The first targeted drug, Kalydeco (ivacaftor), was approved in 2012 for the 5 percent of patients with a certain mutation, G551D. Their ion channel proteins stay stuck at the cell surface from within, like hitting up against a closed door.

A second drug, tezacaftor, is given with Kalydeco. The duo, dubbed Symdeko, debuted in 2018, both from Vertex Pharmaceuticals. Patients with two copies of the most common mutation (Phe508del) take it. The second drug refolds the ion channel correctly and keeps it at the cell membrane long enough to work.

Cystic fibrosis results from an absent, malformed, or malfunctional chloride channel.

The 2019 addition was a triple drug, the first two plus Trikafta (elexacaftor), which adds patients who have one copy of the common mutation plus a specific other. The third drug enables protein synthesis to ignore mutations that shorten the ion channel protein.
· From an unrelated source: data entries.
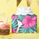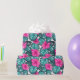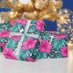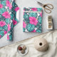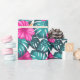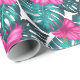 Monstera Leaves and Hibiscus, Teal Pink on White Wrapping Paper
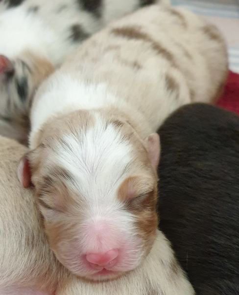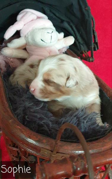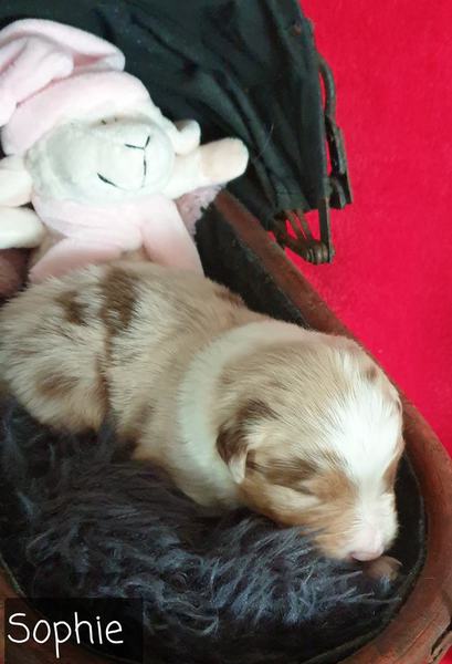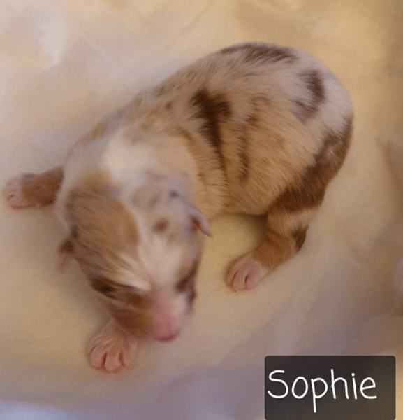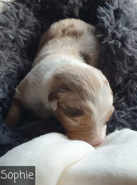 06: 15 Uhr Welpe Sophie Red Merle Hündin vergeben
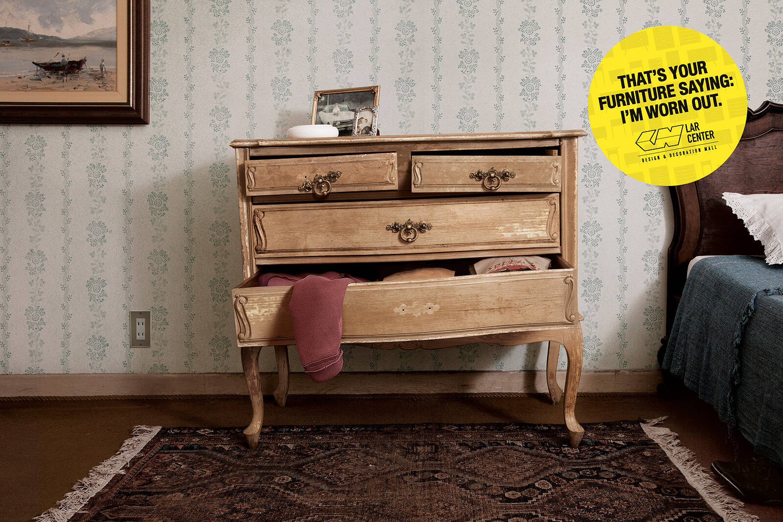 This professional campaign titled 'Tired Furniture' was published in Brazil in April, 2011. It was created for the brand: Lar Center, by ad agency: Moma. This Print medium campaign is related to the Retail Services industry and contains 3 media assets. It was submitted over 14 years ago.

All three drugs are taken as daily pills. (Ads for them are festooning my Facebook feed since I read the package inserts online. Clearly some of the cost goes to advertising. Just sayin’.)

The new generation of cystic fibrosis drugs means that “it may soon be possible to offer safe and effective molecularly targeted therapies to 90% of persons with cystic fibrosis,” wrote NIH director Francis Collins, who lead the team that discovered the CFTR gene in 1989, in a recent New England Journal of Medicine. That is simply jaw-droppingly terrific – but, again, it took three decades. “Breakthrough” and “science” shouldn’t be in the same sentence.

First in 2020?

Next up? BioMarin has just submitted a biologics license application to FDA, for the first gene therapy to treat a hemophilia (A). Valoctocogene roxaparvovec is expected to receive FDA approval for marketing in the first quarter of 2020. I wonder if they’ll name it Roxy.

The Progeria Research Foundation (PRF) recently announced submission to FDA of the final results of clinical trials for lonafarnib, to treat some symptoms and extend survival in children and teens with a type of the rapid-aging condition. Lonafarnib approval has been a long time coming, as the PRF has diligently searched for all progeria patients in the world. The drug was a failed cancer treatment; years of basic research led to the realization that, at the molecular level, it could counter progeria.

The pipeline is full! See my recent DNA Science post Gene Therapy Update: Remembering Jesse Gelsinger, which lists ongoing clinical trials for treatments for genetic diseases. How many will make next year’s list of FDA approvals?

 

 

Discussion
  1. I always enjoy your columns! Given that there are therapies in the works for both beta thalassemia and sickle cell disease, what do you believe is the most likely path for future treatment of sickle beta thalassemia? i.e., would a patient need to undergo separate treatments for both sickle cell disease and beta thalaseemia or would treating one or the other provide enough healthy hemoglobin? (I realize there are different beta thalasemia mutations that might affect the recommended treatment, e.g. for sickle beta zero thalassemia vs. sickle beta plus thalassemia.)

  2. Thanks for the response! Until something like that becomes available, would it make sense to treat SBT with one of the therapies currently being developed for either SCD or BT?